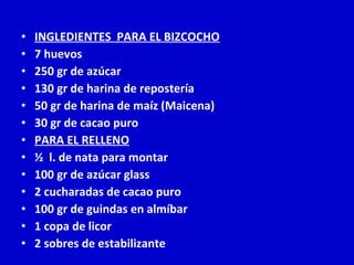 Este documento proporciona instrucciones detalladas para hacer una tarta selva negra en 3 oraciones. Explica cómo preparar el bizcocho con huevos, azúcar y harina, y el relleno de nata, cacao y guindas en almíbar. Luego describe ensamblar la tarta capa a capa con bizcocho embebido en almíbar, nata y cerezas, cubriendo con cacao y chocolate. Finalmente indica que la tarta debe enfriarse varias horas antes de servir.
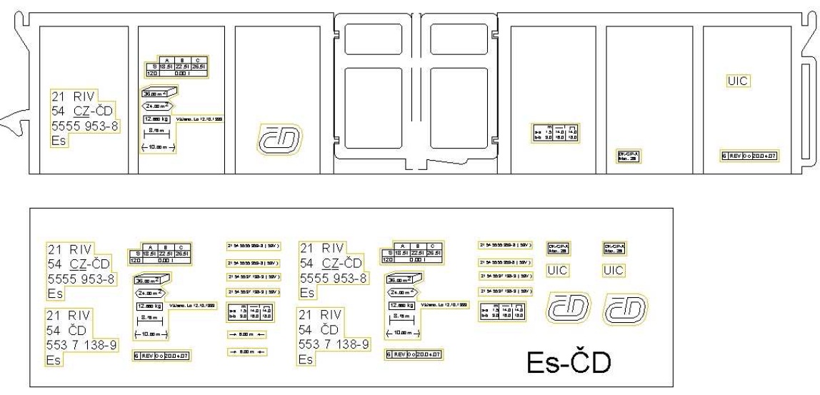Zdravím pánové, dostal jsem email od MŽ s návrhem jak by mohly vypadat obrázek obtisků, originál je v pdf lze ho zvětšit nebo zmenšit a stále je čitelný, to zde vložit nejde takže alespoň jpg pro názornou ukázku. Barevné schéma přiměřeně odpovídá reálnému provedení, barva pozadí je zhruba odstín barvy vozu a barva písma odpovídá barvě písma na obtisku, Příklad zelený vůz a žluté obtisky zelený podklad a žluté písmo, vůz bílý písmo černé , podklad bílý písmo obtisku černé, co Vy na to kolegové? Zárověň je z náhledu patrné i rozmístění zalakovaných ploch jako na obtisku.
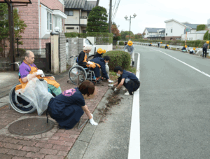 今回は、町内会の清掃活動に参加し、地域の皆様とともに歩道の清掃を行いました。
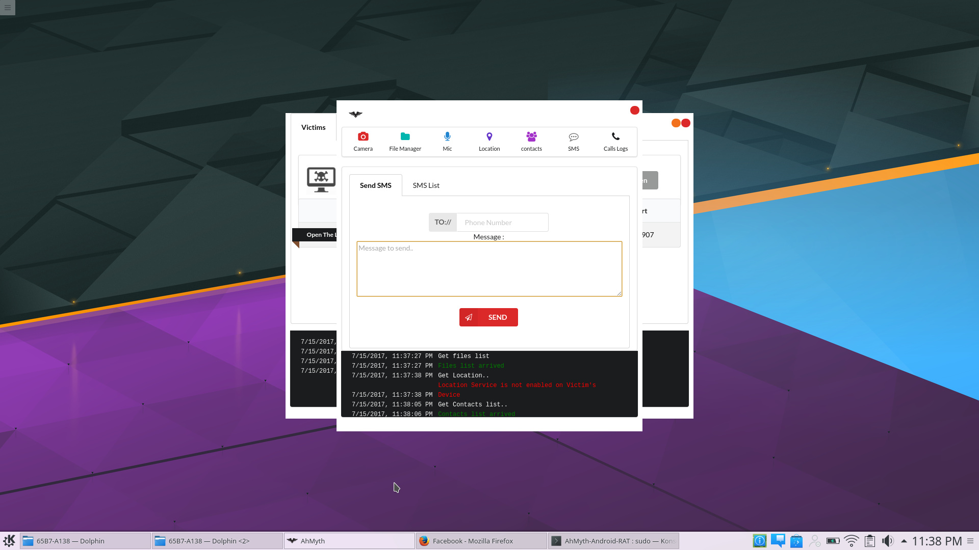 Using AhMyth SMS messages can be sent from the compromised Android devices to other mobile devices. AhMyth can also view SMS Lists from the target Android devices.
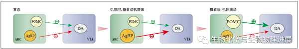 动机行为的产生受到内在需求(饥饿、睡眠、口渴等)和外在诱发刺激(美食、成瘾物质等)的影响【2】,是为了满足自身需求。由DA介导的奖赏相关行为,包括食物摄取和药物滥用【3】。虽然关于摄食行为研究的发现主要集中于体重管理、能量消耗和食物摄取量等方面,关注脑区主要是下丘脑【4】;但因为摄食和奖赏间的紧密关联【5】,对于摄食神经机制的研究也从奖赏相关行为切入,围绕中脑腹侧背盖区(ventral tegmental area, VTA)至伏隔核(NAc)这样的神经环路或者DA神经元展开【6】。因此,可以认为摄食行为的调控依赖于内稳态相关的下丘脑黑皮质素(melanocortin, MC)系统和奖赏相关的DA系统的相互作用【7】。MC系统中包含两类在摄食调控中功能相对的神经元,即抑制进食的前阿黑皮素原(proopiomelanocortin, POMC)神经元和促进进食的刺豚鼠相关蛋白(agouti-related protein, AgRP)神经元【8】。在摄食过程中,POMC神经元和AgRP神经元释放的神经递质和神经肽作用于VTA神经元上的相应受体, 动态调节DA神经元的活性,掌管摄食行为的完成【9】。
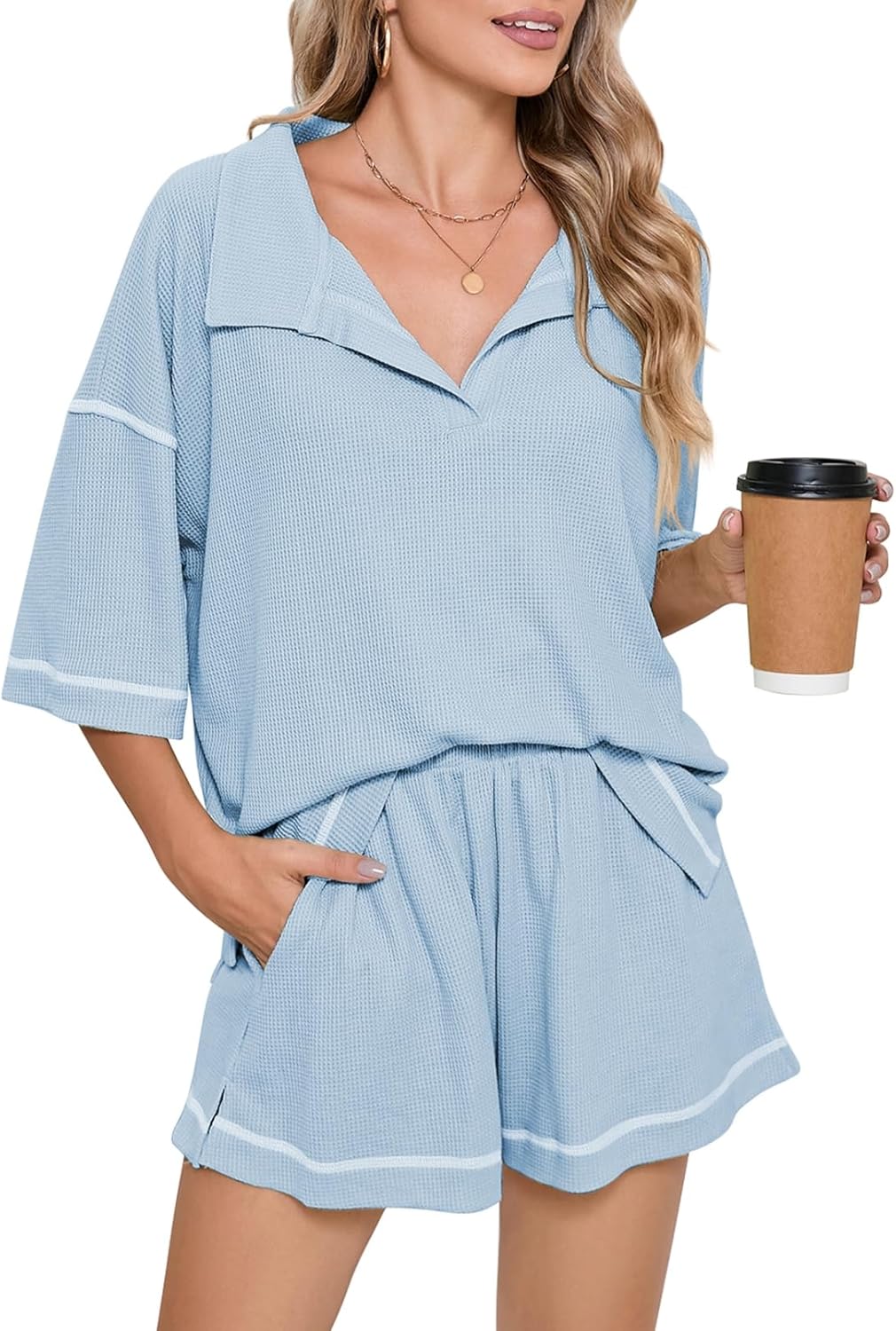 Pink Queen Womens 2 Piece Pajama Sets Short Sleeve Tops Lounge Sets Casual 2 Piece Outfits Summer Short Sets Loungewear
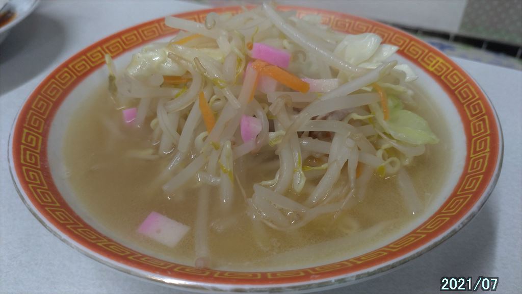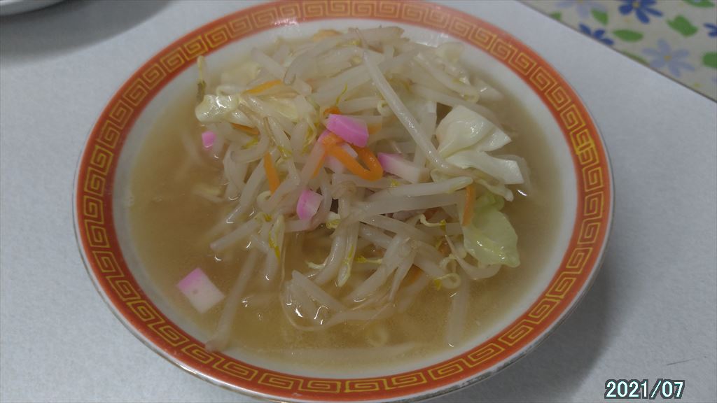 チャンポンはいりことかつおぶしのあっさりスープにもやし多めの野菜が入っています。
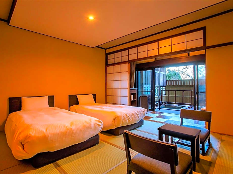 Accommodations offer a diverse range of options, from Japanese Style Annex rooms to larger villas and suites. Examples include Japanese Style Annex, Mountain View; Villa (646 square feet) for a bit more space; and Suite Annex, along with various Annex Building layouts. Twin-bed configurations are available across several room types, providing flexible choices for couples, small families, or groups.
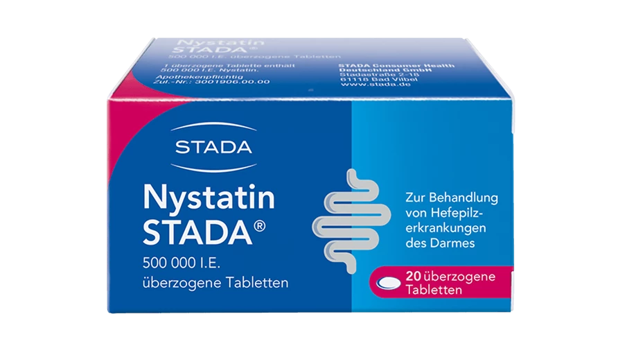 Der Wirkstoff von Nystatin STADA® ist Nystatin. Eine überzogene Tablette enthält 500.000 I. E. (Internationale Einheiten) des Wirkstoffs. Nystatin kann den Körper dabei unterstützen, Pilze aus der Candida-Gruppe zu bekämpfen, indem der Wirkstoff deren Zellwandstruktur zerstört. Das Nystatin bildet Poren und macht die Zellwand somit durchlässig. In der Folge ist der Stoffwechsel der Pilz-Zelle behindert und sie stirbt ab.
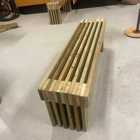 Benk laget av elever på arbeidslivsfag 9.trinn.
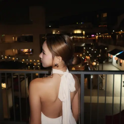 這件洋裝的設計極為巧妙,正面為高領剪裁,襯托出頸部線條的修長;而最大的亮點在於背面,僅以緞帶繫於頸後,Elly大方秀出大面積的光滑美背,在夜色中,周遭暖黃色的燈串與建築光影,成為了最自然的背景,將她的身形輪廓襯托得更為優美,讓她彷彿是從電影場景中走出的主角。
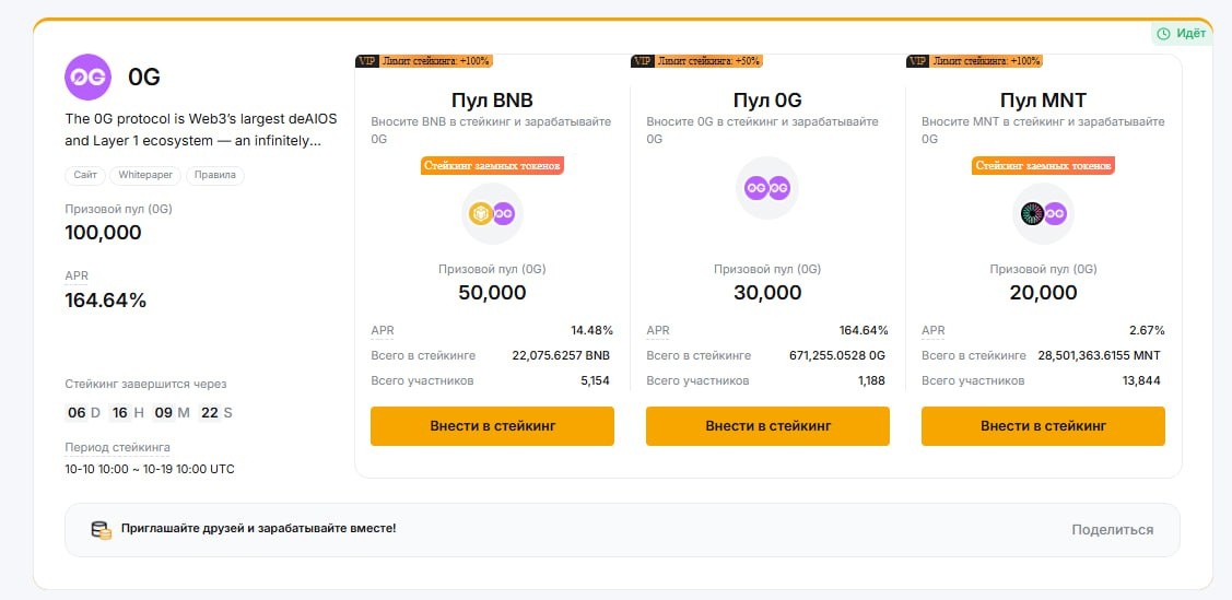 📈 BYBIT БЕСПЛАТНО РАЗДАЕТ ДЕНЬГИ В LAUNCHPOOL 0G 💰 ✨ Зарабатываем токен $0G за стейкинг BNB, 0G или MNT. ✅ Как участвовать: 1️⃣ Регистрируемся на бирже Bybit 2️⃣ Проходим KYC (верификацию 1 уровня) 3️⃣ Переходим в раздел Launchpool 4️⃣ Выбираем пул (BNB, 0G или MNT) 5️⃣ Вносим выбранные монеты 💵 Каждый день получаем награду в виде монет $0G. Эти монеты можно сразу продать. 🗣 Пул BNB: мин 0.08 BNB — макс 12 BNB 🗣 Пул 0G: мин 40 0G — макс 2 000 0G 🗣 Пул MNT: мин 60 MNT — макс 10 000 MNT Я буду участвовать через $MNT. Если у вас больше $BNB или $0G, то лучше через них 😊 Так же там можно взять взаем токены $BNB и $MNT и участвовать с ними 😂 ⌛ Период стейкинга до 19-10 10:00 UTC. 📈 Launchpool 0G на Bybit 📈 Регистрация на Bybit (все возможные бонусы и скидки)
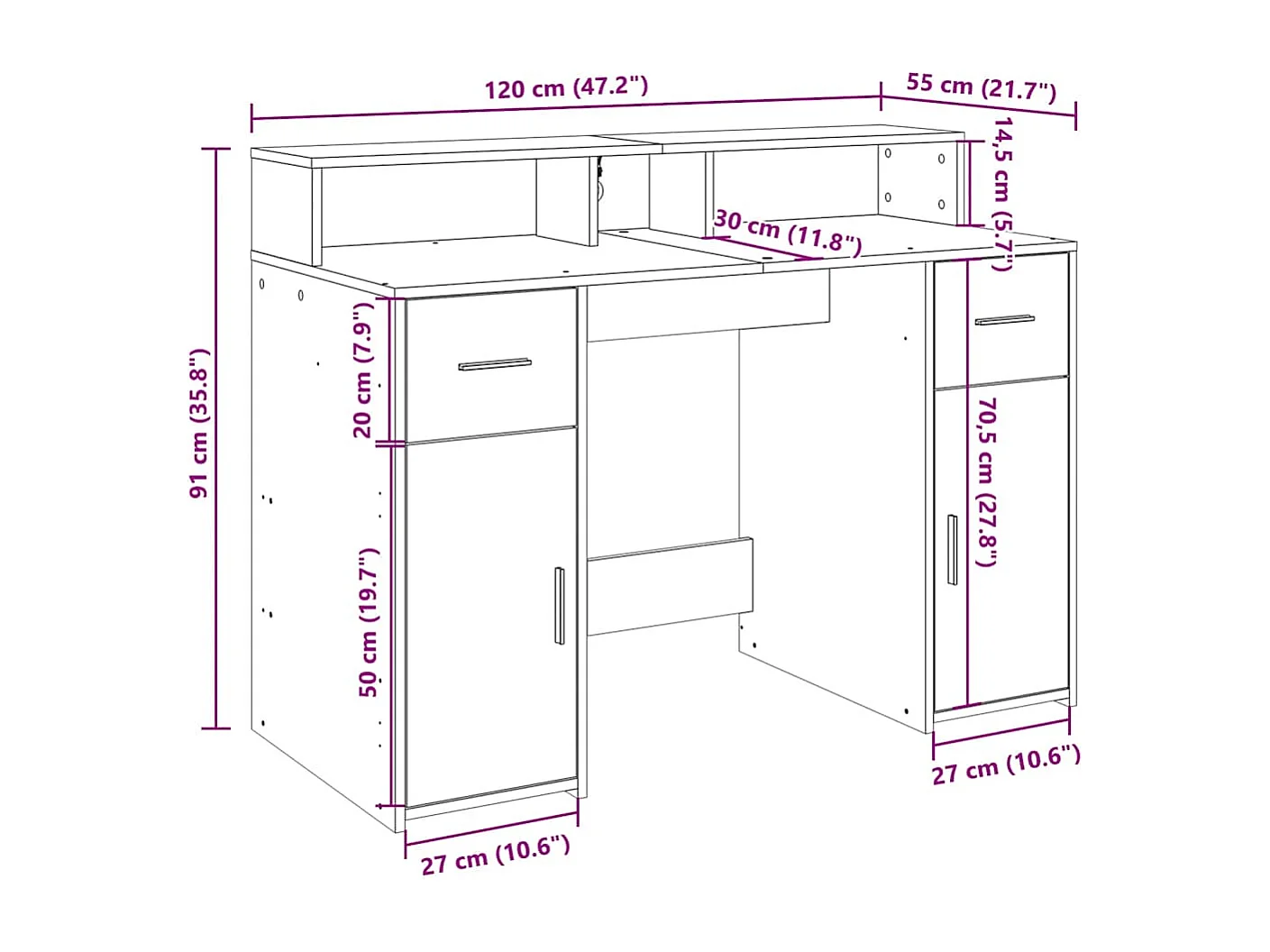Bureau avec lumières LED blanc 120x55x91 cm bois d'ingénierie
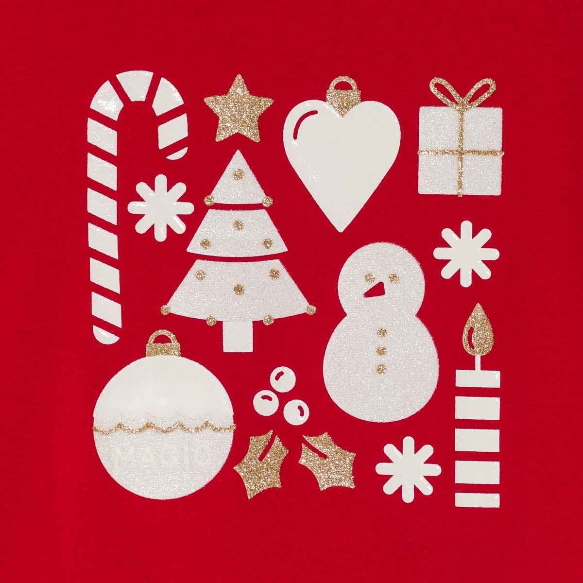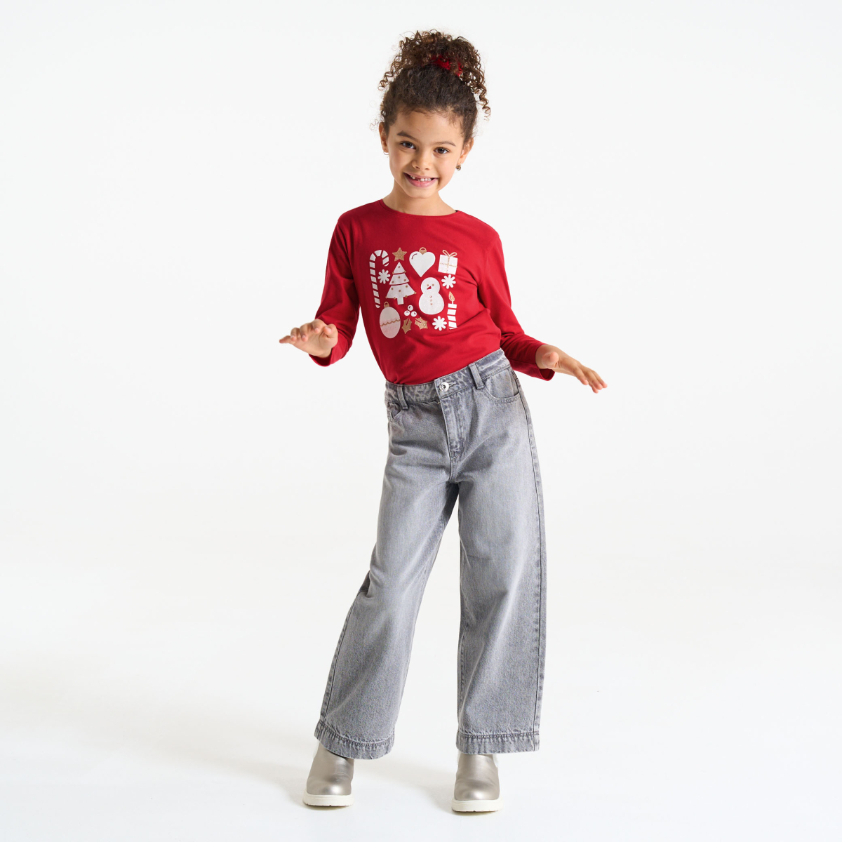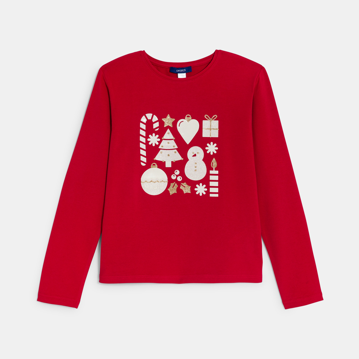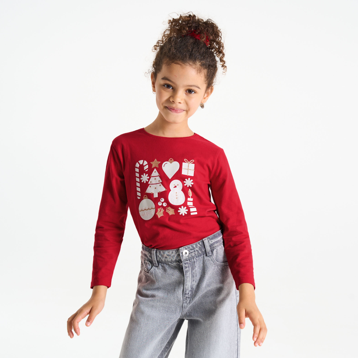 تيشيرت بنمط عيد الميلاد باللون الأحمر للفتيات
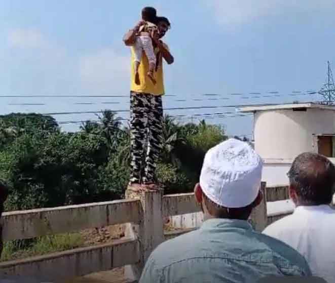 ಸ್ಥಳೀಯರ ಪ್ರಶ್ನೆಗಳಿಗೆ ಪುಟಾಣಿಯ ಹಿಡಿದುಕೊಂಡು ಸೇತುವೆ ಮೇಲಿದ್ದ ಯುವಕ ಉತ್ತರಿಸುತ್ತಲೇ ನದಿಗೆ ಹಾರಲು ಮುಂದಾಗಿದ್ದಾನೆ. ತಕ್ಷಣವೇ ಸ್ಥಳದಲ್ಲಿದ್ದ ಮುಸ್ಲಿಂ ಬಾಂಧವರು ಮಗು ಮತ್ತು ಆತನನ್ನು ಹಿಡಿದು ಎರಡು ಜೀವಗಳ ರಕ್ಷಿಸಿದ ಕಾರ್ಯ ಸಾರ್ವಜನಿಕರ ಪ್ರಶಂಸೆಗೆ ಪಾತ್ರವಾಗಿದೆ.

◆ Work instruction:
Please output every line of the listing as it stands, and omit its images.

◆ Result for this exercise:
 Este documento proporciona instrucciones detalladas para hacer una tarta selva negra en 3 oraciones. Explica cómo preparar el bizcocho con huevos, azúcar y harina, y el relleno de nata, cacao y guindas en almíbar. Luego describe ensamblar la tarta capa a capa con bizcocho embebido en almíbar, nata y cerezas, cubriendo con cacao y chocolate. Finalmente indica que la tarta debe enfriarse varias horas antes de servir.
Zdravím pánové, dostal jsem email od MŽ s návrhem jak by mohly vypadat obrázek obtisků, originál je v pdf lze ho zvětšit nebo zmenšit a stále je čitelný, to zde vložit nejde takže alespoň jpg pro názornou ukázku. Barevné schéma přiměřeně odpovídá reálnému provedení, barva pozadí je zhruba odstín barvy vozu a barva písma odpovídá barvě písma na obtisku, Příklad zelený vůz a žluté obtisky zelený podklad a žluté písmo, vůz bílý písmo černé , podklad bílý písmo obtisku černé, co Vy na to kolegové? Zárověň je z náhledu patrné i rozmístění zalakovaných ploch jako na obtisku.
 今回は、町内会の清掃活動に参加し、地域の皆様とともに歩道の清掃を行いました。
 Using AhMyth SMS messages can be sent from the compromised Android devices to other mobile devices. AhMyth can also view SMS Lists from the target Android devices.
 动机行为的产生受到内在需求(饥饿、睡眠、口渴等)和外在诱发刺激(美食、成瘾物质等)的影响【2】,是为了满足自身需求。由DA介导的奖赏相关行为,包括食物摄取和药物滥用【3】。虽然关于摄食行为研究的发现主要集中于体重管理、能量消耗和食物摄取量等方面,关注脑区主要是下丘脑【4】;但因为摄食和奖赏间的紧密关联【5】,对于摄食神经机制的研究也从奖赏相关行为切入,围绕中脑腹侧背盖区(ventral tegmental area, VTA)至伏隔核(NAc)这样的神经环路或者DA神经元展开【6】。因此,可以认为摄食行为的调控依赖于内稳态相关的下丘脑黑皮质素(melanocortin, MC)系统和奖赏相关的DA系统的相互作用【7】。MC系统中包含两类在摄食调控中功能相对的神经元,即抑制进食的前阿黑皮素原(proopiomelanocortin, POMC)神经元和促进进食的刺豚鼠相关蛋白(agouti-related protein, AgRP)神经元【8】。在摄食过程中,POMC神经元和AgRP神经元释放的神经递质和神经肽作用于VTA神经元上的相应受体, 动态调节DA神经元的活性,掌管摄食行为的完成【9】。
 Pink Queen Womens 2 Piece Pajama Sets Short Sleeve Tops Lounge Sets Casual 2 Piece Outfits Summer Short Sets Loungewear
 チャンポンはいりことかつおぶしのあっさりスープにもやし多めの野菜が入っています。
 Accommodations offer a diverse range of options, from Japanese Style Annex rooms to larger villas and suites. Examples include Japanese Style Annex, Mountain View; Villa (646 square feet) for a bit more space; and Suite Annex, along with various Annex Building layouts. Twin-bed configurations are available across several room types, providing flexible choices for couples, small families, or groups.
 Der Wirkstoff von Nystatin STADA® ist Nystatin. Eine überzogene Tablette enthält 500.000 I. E. (Internationale Einheiten) des Wirkstoffs. Nystatin kann den Körper dabei unterstützen, Pilze aus der Candida-Gruppe zu bekämpfen, indem der Wirkstoff deren Zellwandstruktur zerstört. Das Nystatin bildet Poren und macht die Zellwand somit durchlässig. In der Folge ist der Stoffwechsel der Pilz-Zelle behindert und sie stirbt ab.
 Benk laget av elever på arbeidslivsfag 9.trinn.
 這件洋裝的設計極為巧妙,正面為高領剪裁,襯托出頸部線條的修長;而最大的亮點在於背面,僅以緞帶繫於頸後,Elly大方秀出大面積的光滑美背,在夜色中,周遭暖黃色的燈串與建築光影,成為了最自然的背景,將她的身形輪廓襯托得更為優美,讓她彷彿是從電影場景中走出的主角。
 📈 BYBIT БЕСПЛАТНО РАЗДАЕТ ДЕНЬГИ В LAUNCHPOOL 0G 💰 ✨ Зарабатываем токен $0G за стейкинг BNB, 0G или MNT. ✅ Как участвовать: 1️⃣ Регистрируемся на бирже Bybit 2️⃣ Проходим KYC (верификацию 1 уровня) 3️⃣ Переходим в раздел Launchpool 4️⃣ Выбираем пул (BNB, 0G или MNT) 5️⃣ Вносим выбранные монеты 💵 Каждый день получаем награду в виде монет $0G. Эти монеты можно сразу продать. 🗣 Пул BNB: мин 0.08 BNB — макс 12 BNB 🗣 Пул 0G: мин 40 0G — макс 2 000 0G 🗣 Пул MNT: мин 60 MNT — макс 10 000 MNT Я буду участвовать через $MNT. Если у вас больше $BNB или $0G, то лучше через них 😊 Так же там можно взять взаем токены $BNB и $MNT и участвовать с ними 😂 ⌛ Период стейкинга до 19-10 10:00 UTC. 📈 Launchpool 0G на Bybit 📈 Регистрация на Bybit (все возможные бонусы и скидки)
Bureau avec lumières LED blanc 120x55x91 cm bois d'ingénierie
 تيشيرت بنمط عيد الميلاد باللون الأحمر للفتيات
 ಸ್ಥಳೀಯರ ಪ್ರಶ್ನೆಗಳಿಗೆ ಪುಟಾಣಿಯ ಹಿಡಿದುಕೊಂಡು ಸೇತುವೆ ಮೇಲಿದ್ದ ಯುವಕ ಉತ್ತರಿಸುತ್ತಲೇ ನದಿಗೆ ಹಾರಲು ಮುಂದಾಗಿದ್ದಾನೆ. ತಕ್ಷಣವೇ ಸ್ಥಳದಲ್ಲಿದ್ದ ಮುಸ್ಲಿಂ ಬಾಂಧವರು ಮಗು ಮತ್ತು ಆತನನ್ನು ಹಿಡಿದು ಎರಡು ಜೀವಗಳ ರಕ್ಷಿಸಿದ ಕಾರ್ಯ ಸಾರ್ವಜನಿಕರ ಪ್ರಶಂಸೆಗೆ ಪಾತ್ರವಾಗಿದೆ.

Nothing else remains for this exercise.